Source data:
○ ○ ○ ○

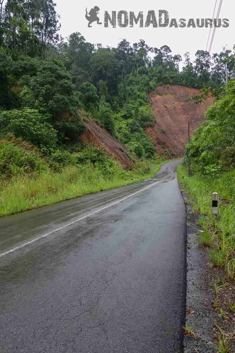 For 50km the ride is pretty mundane, with only the imposing mountains in the foreground hinting at what is to come. Soon enough you start to rise up into the mountains and we were reminded of the lush landscape of Northern Laos. Steep, windy roads and some of the greenest flora we have ever seen. We were lucky and had dense cloud coverage which added to the mysticism of the ride. Watch out for blind corners with large buses and trucks cutting corners at high speed. Be aware that there is very little traffic on this road besides large trucks and locals and the villages are few and far between, lacking in most amenities. Make sure your bike is in good working order and carry a tool kit and some spare parts if you don’t already. You do not want to break down in this section.
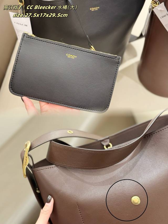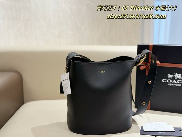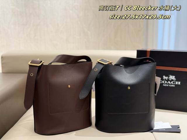 New large size Coach Bleecker bucket bag with gift box. It's very spacious, holding all your everyday essentials. Easy to style and photogenic, it effortlessly exudes sophistication. The "lazy silhouette" is crafted from supple cowhide that drapes naturally, swaying lightly with your steps for effortless chic. The adjustable shoulder strap allows for versatile carrying options, seamlessly switching between underarm and crossbody styles, perfect for commuting or dates. Size: 27.5 x 17 x 29.5 cm.
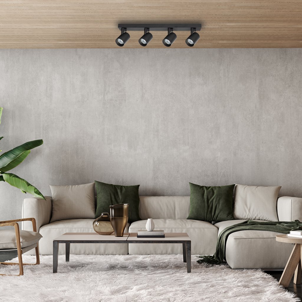 Čtyři světelné body s paticemi GU10 lze individuálně nastavovat, což umožňuje přizpůsobit osvětlení konkrétním potřebám. Svítilna je vhodná pro použití v obývacím pokoji, kuchyni, pracovně nebo v otevřených multifunkčních prostorách. Krytí IP20 zajišťuje jeho použití výhradně v interiéru.
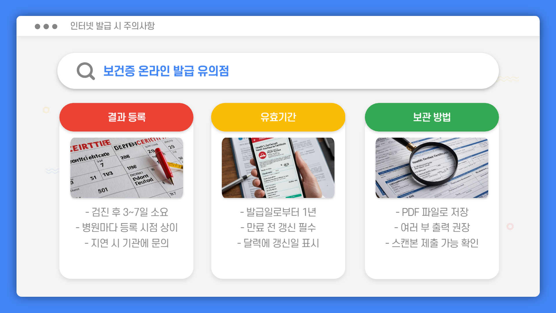 ✅ TIP: 혹시 보건증을 분실하셨다면, 걱정하지 마세요! 인터넷 발급을 통해 쉽게 재발급할 수 있습니다.
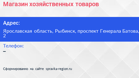 Магазин хозяйственных товаров по адресу Ярославская область, Рыбинск, проспект Генерала Батова, 2 в дальнейшем Организация, размещена в следующих категориях:
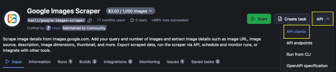 Apify even prepared the while piece of code for you to copy in order to use this scraper. Go back to Google Images Scraper and click API in the top right corner. Then click API clients from the dropdown menu.
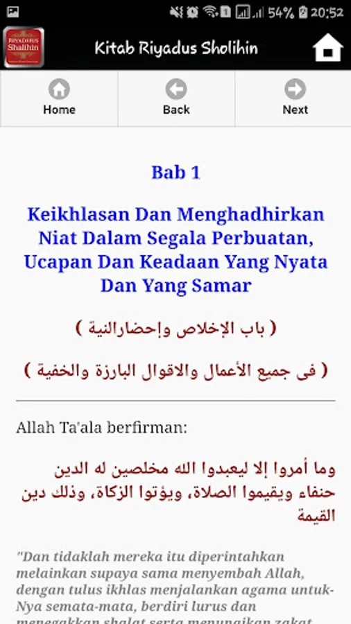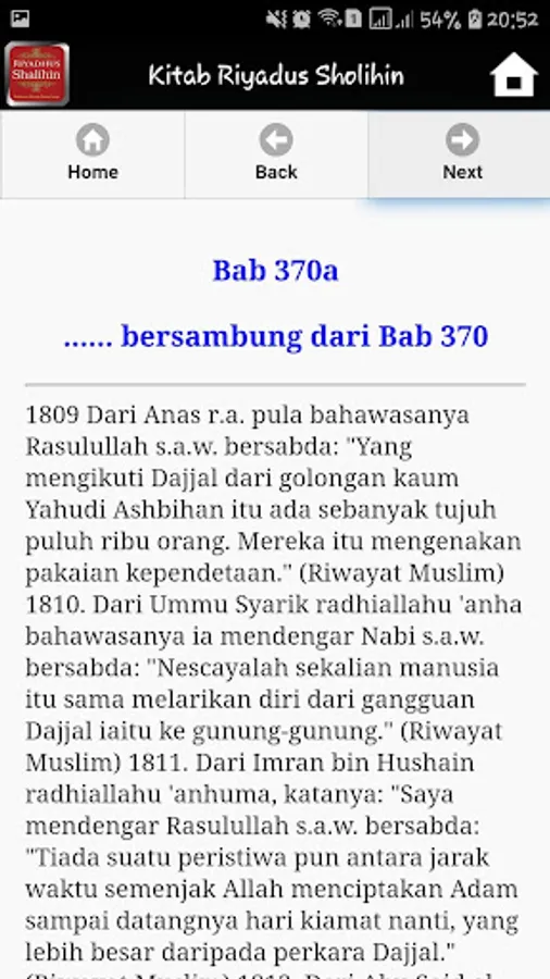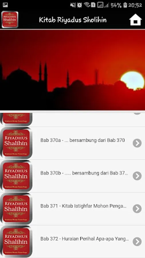 The contents of the application of the Book Riyadus Sholihin there are 372 Complete Chapters. Among others :

○ ○ ○ ○

■ **Your assignment**:
The copy must begin at the line containing "Магазин хозяйственных товаров" and end at the last line of the data above, with every line retyped exactly and no pictures included.

■ **Written reply**:
 Магазин хозяйственных товаров по адресу Ярославская область, Рыбинск, проспект Генерала Батова, 2 в дальнейшем Организация, размещена в следующих категориях:
 Apify even prepared the while piece of code for you to copy in order to use this scraper. Go back to Google Images Scraper and click API in the top right corner. Then click API clients from the dropdown menu.
 The contents of the application of the Book Riyadus Sholihin there are 372 Complete Chapters. Among others :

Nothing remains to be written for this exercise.